Campus mental health counselors are in agreement.

Matthew Barry, assistant director for community and counseling at Worcester Polytechnic Institute, says that "we can't outsource the work to students who haven't been trained in it."

Although the school has 350 peer counselors who are trained to help its students of over 7,000, Barry says it is still in a mental crisis.
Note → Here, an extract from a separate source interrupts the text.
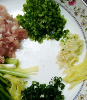 把葱花,蒜粒,姜丝切好待用,还可以切几段葱白备用

This comes after seven student suicides since July 2021.

Barry chokes up and says that it's been a difficult year. There's a lot to be grieved. We are trying to help people who are in pain.

There is a lot of pain. We are trying to help those who are suffering.

Matthew Barry, Worcester Polytechnic Institute

WPI administrators have pledged to increase mental health resources and peer support in the future. Barry is a counselor at WPI and recruits about 100 students annually for a support network which, like Lean On Me refers crisis situations directly to a hotline in the community.

Although he believes there is a high demand for mental health services, he feels that WPI could do more to raise awareness and help students to seek it out.

"Can we do better at putting it out there so people can see it, digest it, and then take it all in?

It is now easier to get help

Ella Snyder, Boston College, says that her volunteer work is now more meaningful because a friend, who was a student at another college, committed suicide this summer.

"Every conversation I have now, I try to remember that if something like this existed at his school, he wouldn’t be afraid to ask for help because it's so simple and confidential."

Avatar
Your Name
Post a Comment
Characters Left:
Your comment has been forwarded to the administrator for approval.×
Warning! Will constitute a criminal offense, illegal, threatening, offensive, insulting and swearing, derogatory, defamatory, vulgar, pornographic, indecent, personality rights, damaging or similar nature in the nature of all kinds of financial content, legal, criminal and administrative responsibility for the content of the sender member / members are belong.